*** Block opens ***
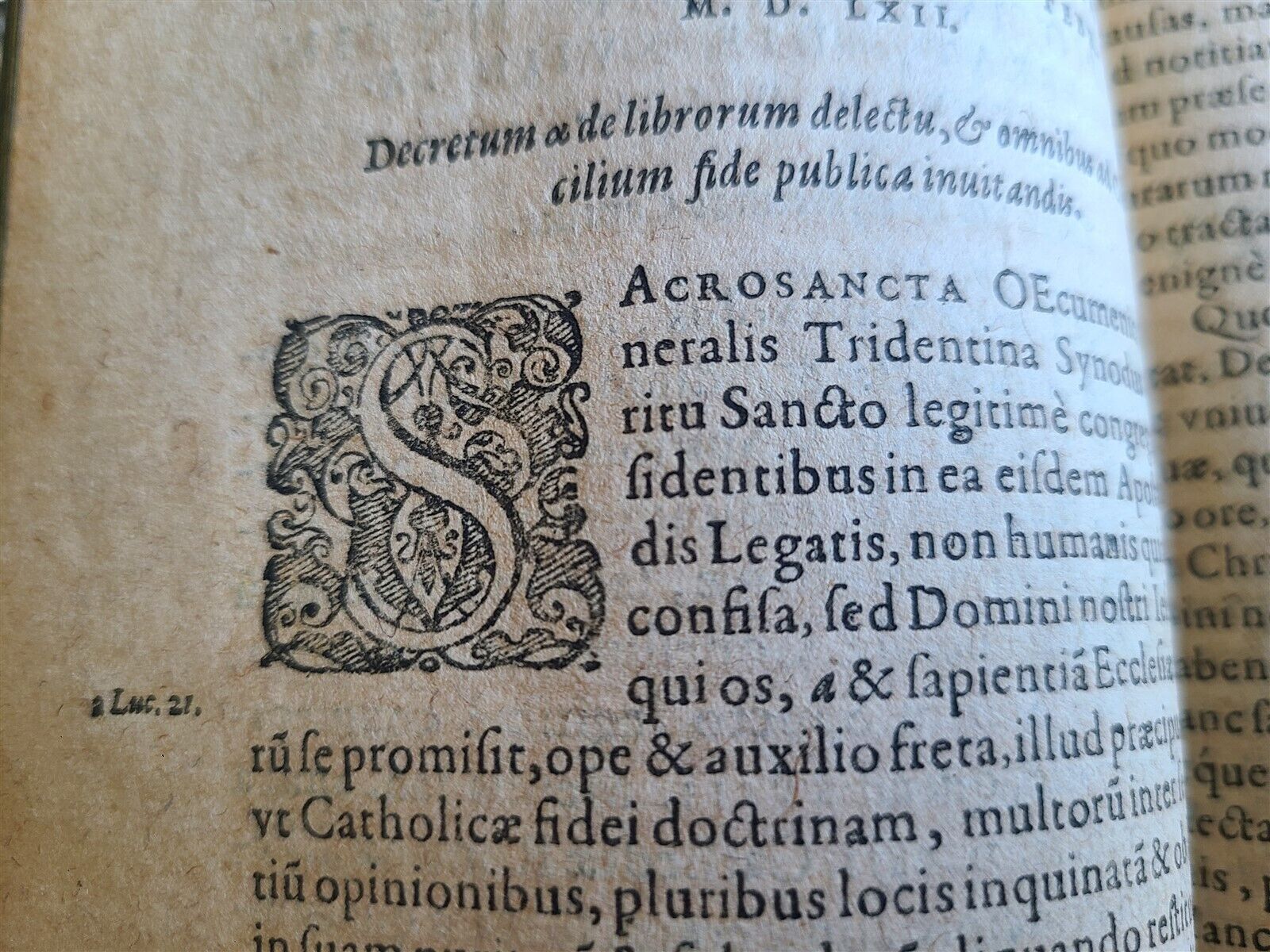 1621 SANCROS. CONCILII TRIDENTINI CANONES et DECRETA antique PIGSKIN BINDING
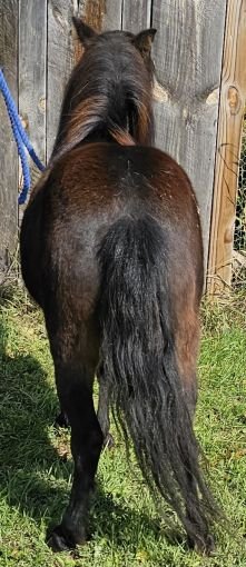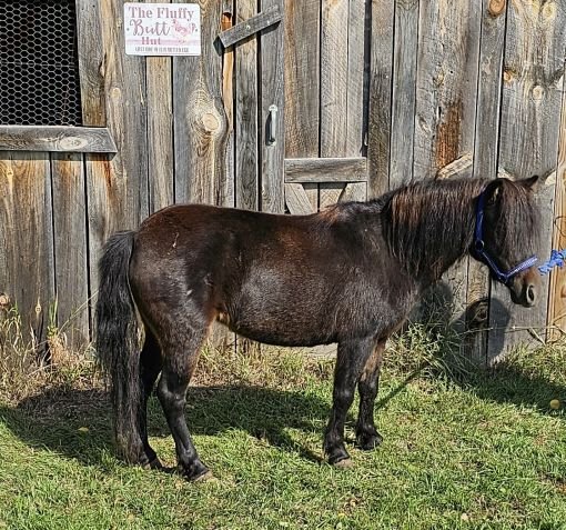 A fine boned mini mare. She hasn't been here terribly long. Yet she is growing on us and becoming more friendly every day we work with her.
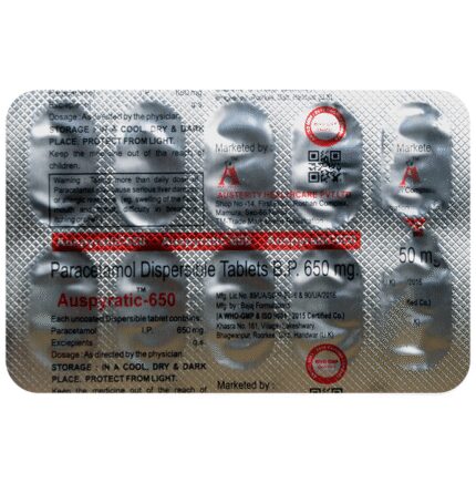 In Pain relief Auspyratic 650 Tablet DT is a common painkiller used to treat aches and pains. It works by blocking chemical messengers in the brain that tell us we have pain. It is effective in relieving pain caused by headache, migraine, nerve pain, toothache, sore throat, period (menstrual) pains, arthritis, and muscle aches. This medicine is very widely used and very rarely causes side effects if taken at the right dosage. Take it as it is prescribed to get the most benefit. Do not take more or for longer than needed as that can be dangerous. In general, you should take the lowest dose that works, for the shortest possible time. It is also the first choice of painkiller during pregnancy or breastfeeding.
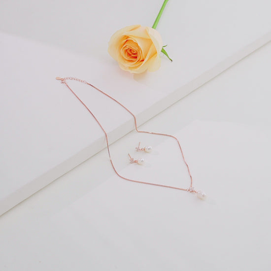 Stylish Rose Gold Silver Freshwater Pearl Necklace Set
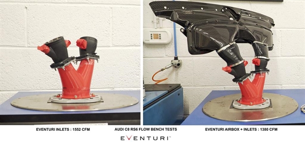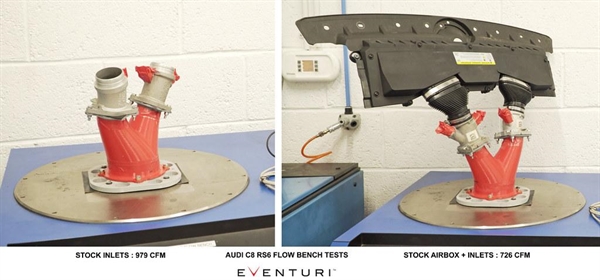 Det første mål blev nået ved at udnytte alt tilgængelig plads i RS6 motorummet, som var stærkt begrænset af motorhjelmens underside. deres løsning var at redesigne hele airboxen, hvilket maksimerede volumen, øgede indløbsåbningernes størrelse og skabte en mere gunstig filtervinkel mod turboerne. Desuden har Eventuri dramatisk øget størrelsen af turboernes indløb med op til 85 % målt på tværsnitsarealet ved åbningerne. Det andet mål blev nået ved at designe et organisk formet system med et specialfremstillet afrundet panelfilter for at sikre, at luftstrømmen ikke indeholdt skarpe hjørner og dermed tillade at strømmen forbliver laminar. Med glatte overgange fra filteret til turboindløbene minimerer deres indsugning dannelsen af turbulens, og turboerne kan fungere mere effektivt. Eventuri samarbejdede med BMC om et skræddersyet filterelement for at sikre, at filtreringsarealet er så stort som muligt, samtidig med at luftstrømmen holdes ren.
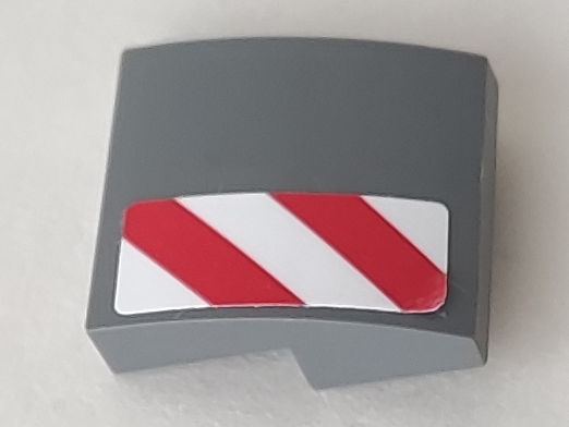 Slope, Curved 2 x 2 x 2/3 with Red and White Danger Stripes Pattern Model Left Side (Sticker) - Set 60073
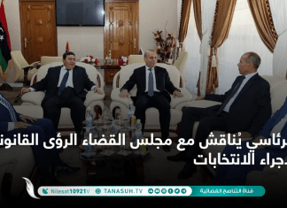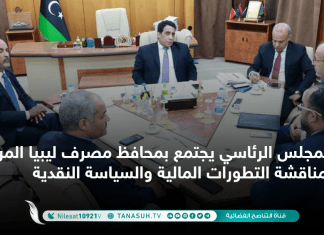 النائبان بالمجلس الرئاسي عبد الله اللافي وموسى الكوني، ورئيس الحكومة عبد الحميد الدبيبة، ورئيس ديوان المحاسبة، ومحافظ مصرف ليبيا المركزي، يبحثون خلال اجتماعهم اليوم...
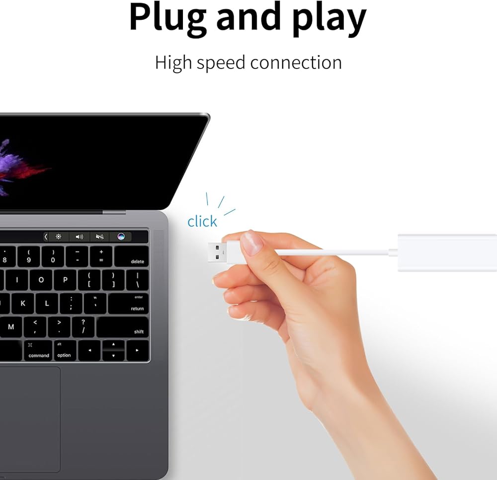 【Steady Transmission】 Ethernet to usb adapter supports 10/100/1000 Mbps at fast USB 2.0 speeds, giving a full play to the performance of your network and is the perfect solution to maintain a safe and smooth network during online work, needed meeting, teaching, gaming, HD video streaming, uploading, downloading and more.
*** Block closes ***
Your assignment >>
In the answer, repeat exactly the lines from the top of the entries above through the line with "In Pain relief", and leave pictures out of it.

Reply >>
 1621 SANCROS. CONCILII TRIDENTINI CANONES et DECRETA antique PIGSKIN BINDING
 A fine boned mini mare. She hasn't been here terribly long. Yet she is growing on us and becoming more friendly every day we work with her.
 In Pain relief Auspyratic 650 Tablet DT is a common painkiller used to treat aches and pains. It works by blocking chemical messengers in the brain that tell us we have pain. It is effective in relieving pain caused by headache, migraine, nerve pain, toothache, sore throat, period (menstrual) pains, arthritis, and muscle aches. This medicine is very widely used and very rarely causes side effects if taken at the right dosage. Take it as it is prescribed to get the most benefit. Do not take more or for longer than needed as that can be dangerous. In general, you should take the lowest dose that works, for the shortest possible time. It is also the first choice of painkiller during pregnancy or breastfeeding.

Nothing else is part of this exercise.